Out-Law News 1 min. read

High Court judge dismisses challenge to Buckinghamshire neighbourhood plan


A High Court judge has dismissed developer Gladman Developments' (GD) challenge to the adoption of a neighbourhood plan for the market town of Winslow in Buckinghamshire.

Aylesbury Vale District Council adopted, or 'made' the Winslow neighbourhood plan (WNP) in September, after 98% of local people participating in a local referendum voted that the plan should be used to help decide planning applications in the area. The WNP designated a settlement boundary, outside which proposals for housing development should only be granted in exceptional circumstances, and allocated five sites to deliver up to 455 homes by 2031.

GD had promoted three sites for housing development in the neighbourhood plan, none of which were eventually chosen by the plan-makers for allocation. All of the sites were outside the settlement boundary that appeared in the adopted plan.

The developer made a claim for a judicial review of the Council's decision to make the WNP. GD argued that the inspector who examined the WNP and recommended it for referendum had made a series of mistakes and that it had been unlawful to proceed to referendum and to make the plan.

The developer claimed that it was not permissible for the neighbourhood plan to set a settlement boundary or to allocate sites for housing because these were strategic matters that should be dealt with in development plans and no development plan was in place in the area.

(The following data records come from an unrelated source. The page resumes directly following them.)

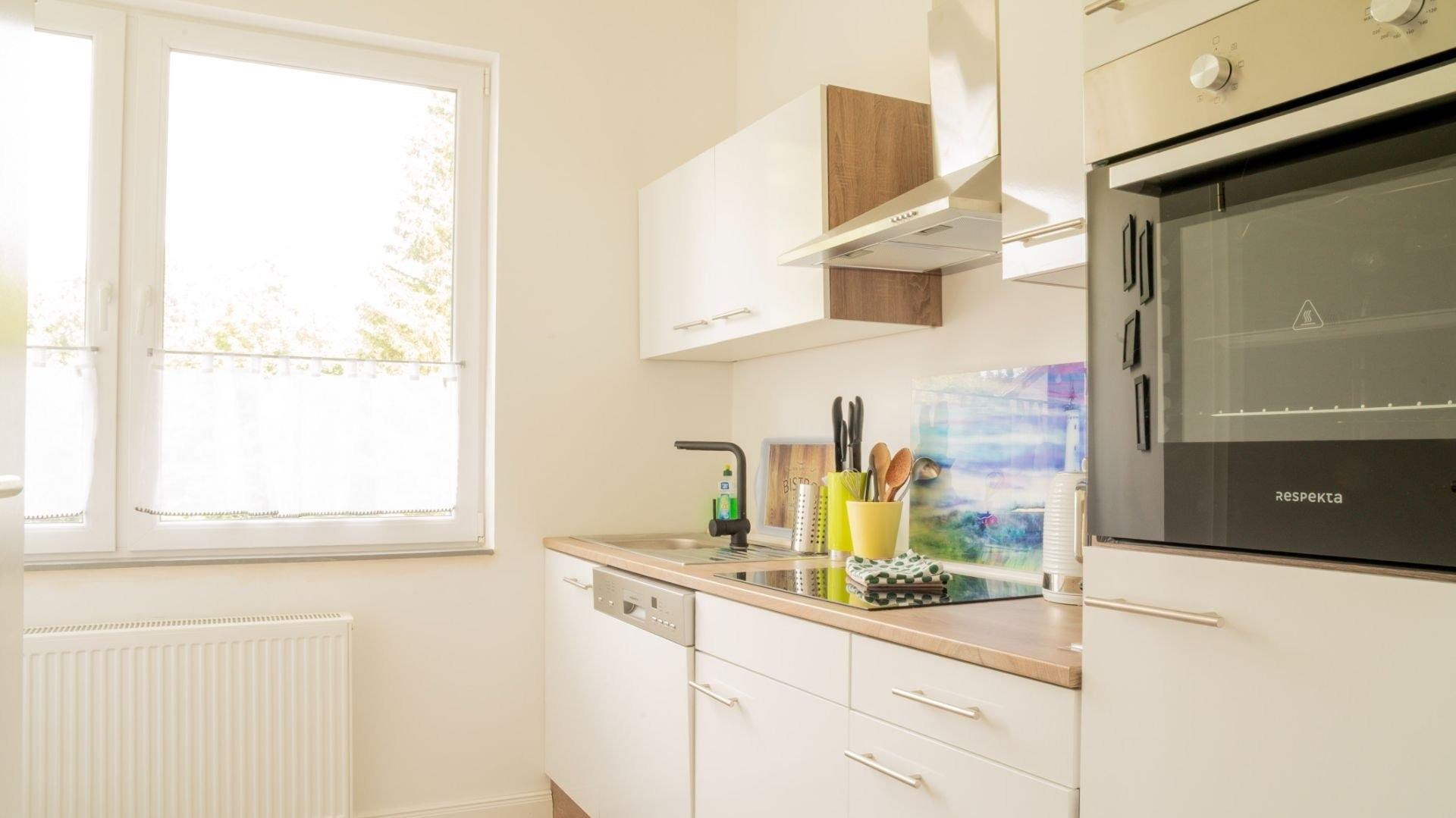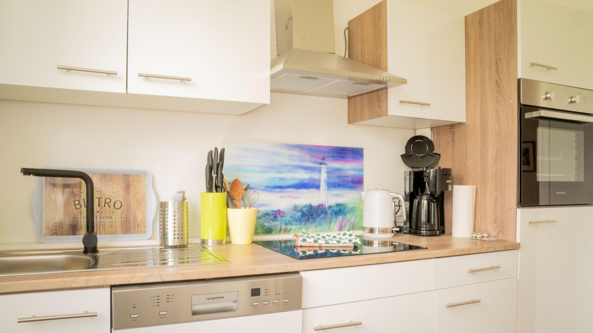* Moderne vollausgestattete Küche mit Geschirrspüler, Kühlschrank mit Gefrierfach, Backofen und Induktionsplatten
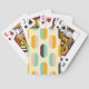 A seamless geometric pattern features vertical, oval shapes in soft yellow, teal, peach, orange, and brown, creating a retro, playful vibe.
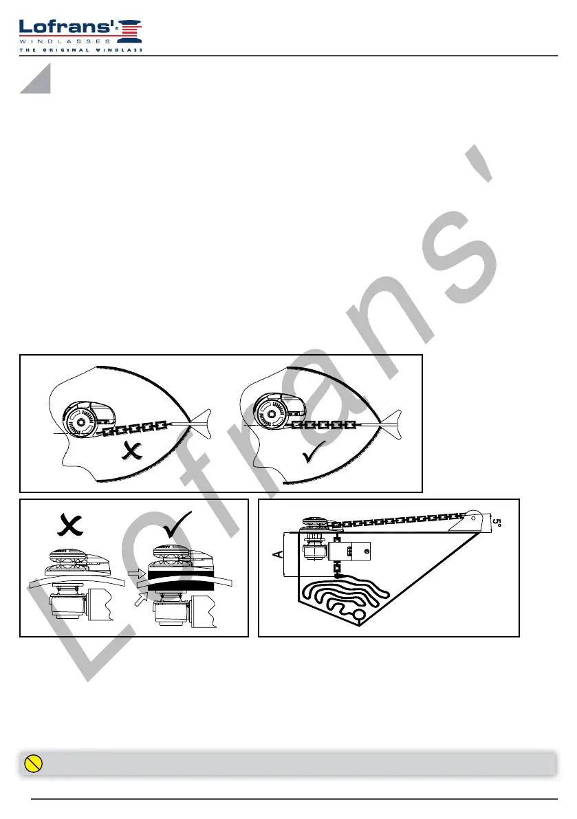 In order to operate the anchor windlass correctly, it must be installed to meet the following conditions:

High Court judge Mr Justice Lewis rejected this argument. "In my judgment, a neighbourhood plan may include policies dealing with the use and development of land for housing, including policies dealing with the location of a proposed number of new dwellings, even where there is at present no development plan document setting out strategic policies for housing," said the judge.

Mr Justice Lewis also rejected GD's claims that the examiner had failed to consider national policy when assessing the adequacy of the site allocations in the WNP. While additional guidance had been released between the preparation of the plan and its examination, the judge found that the examiner himself had "had regard to relevant national policy and guidelines" in considering whether the allocations were appropriate and deliverable.

Contrary to the developer's further claims, Mr Justice Lewis also found that the examiner had been entitled to conclude that an environmental report prepared alongside the WNP satisfied the requirements of European Union law and had given "adequate, intelligible reasons for his recommendations".

"In summary ... the examiner was entitled to recommend that the draft neighbourhood plan should proceed to referendum," concluded the judge. "The Council was entitled to make the neighbourhood plan in the light of the vote in favour of the neighbourhood plan at that referendum. Consequently, the WNP is lawful. This claim for judicial review is therefore dismissed."